▶ **Task item**:
Write out the listing below exactly, and omit any images you find in it.

▶ **Data below**:
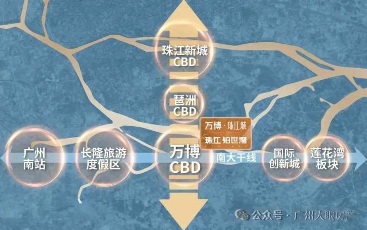 项目地处广州城市中轴&南大干线经济带双中轴交汇点——万博核心,南北CBD塔尖资源一脉尽享。
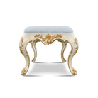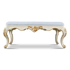 The Élise Ornate Luxury Bench is crafted in ivory with gilded floral carvings and elegant cabriole legs. Its plush upholstered seat offers refined comfort, while the hand-applied gold accents bring timeless Baroque elegance. Perfect as a statement in bedrooms, dressing areas, or grand living spaces.
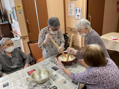ご利用者様と一緒にヘラつき餅作りを行いました(^^♪
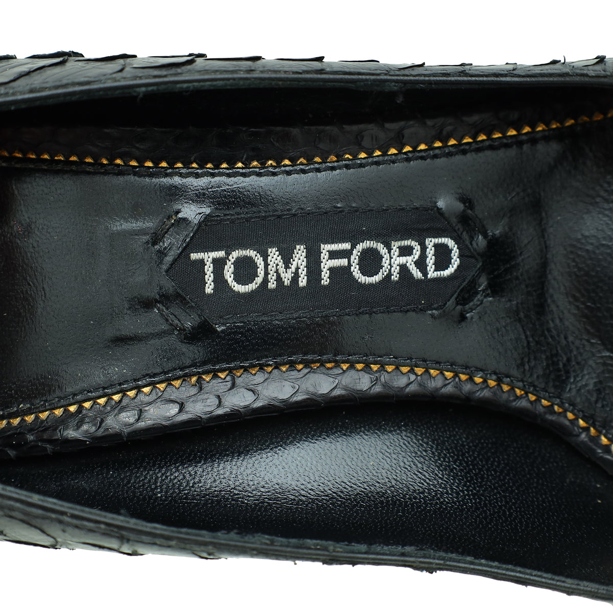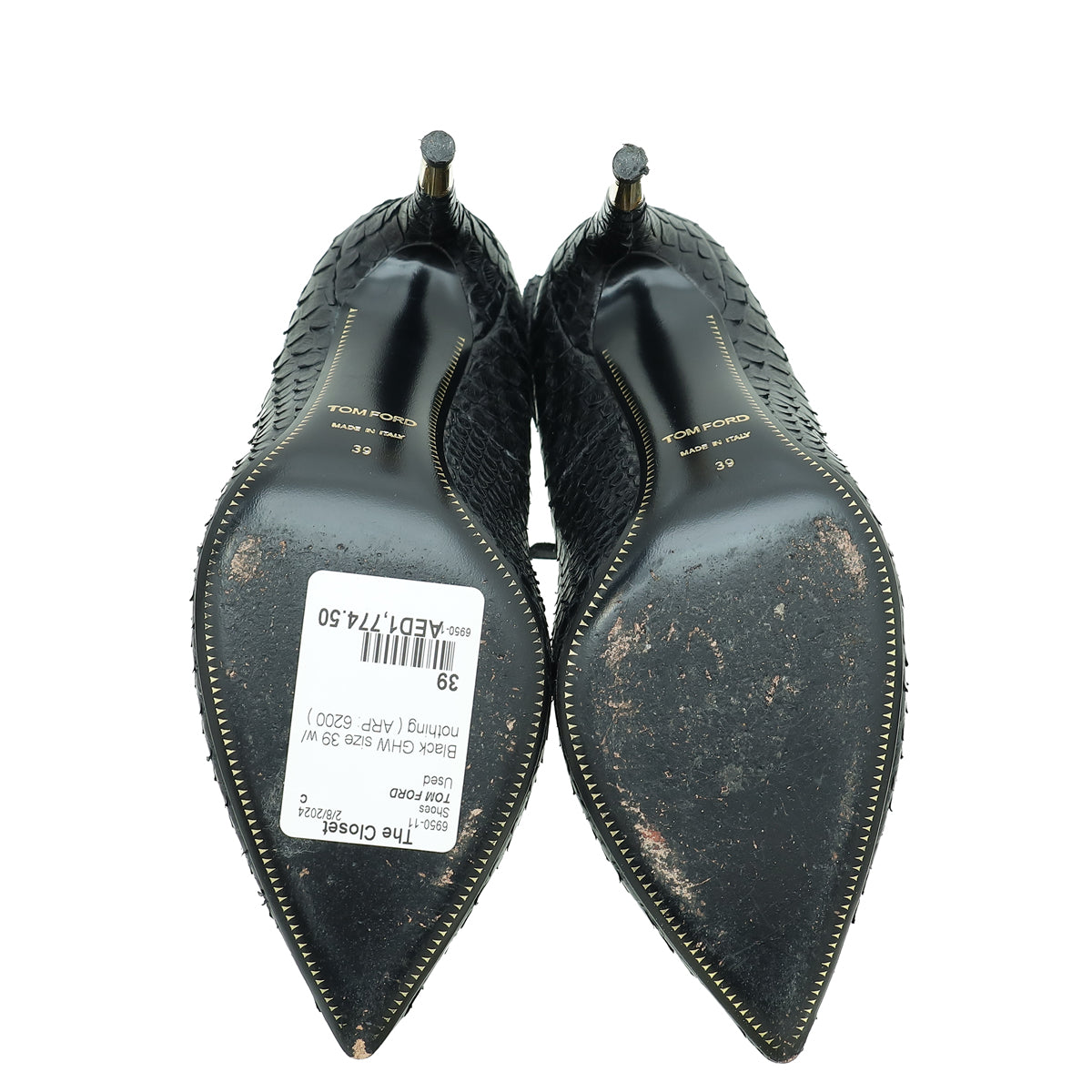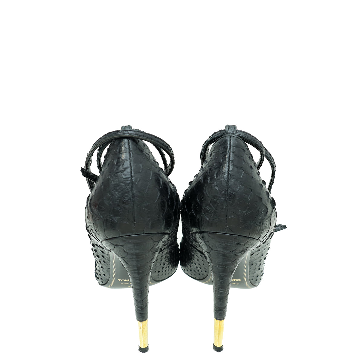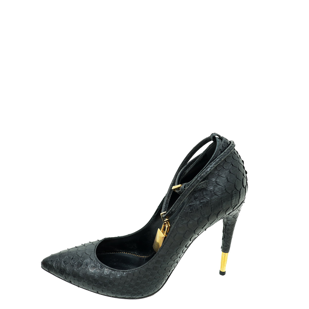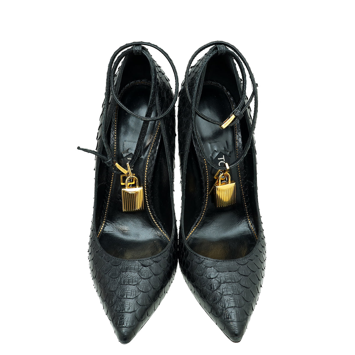 Tom Ford Black Python Padlock Ankle Wrap Pumps 39

▶ **Exercise answer**:
 项目地处广州城市中轴&南大干线经济带双中轴交汇点——万博核心,南北CBD塔尖资源一脉尽享。
 The Élise Ornate Luxury Bench is crafted in ivory with gilded floral carvings and elegant cabriole legs. Its plush upholstered seat offers refined comfort, while the hand-applied gold accents bring timeless Baroque elegance. Perfect as a statement in bedrooms, dressing areas, or grand living spaces.
ご利用者様と一緒にヘラつき餅作りを行いました(^^♪
 Tom Ford Black Python Padlock Ankle Wrap Pumps 39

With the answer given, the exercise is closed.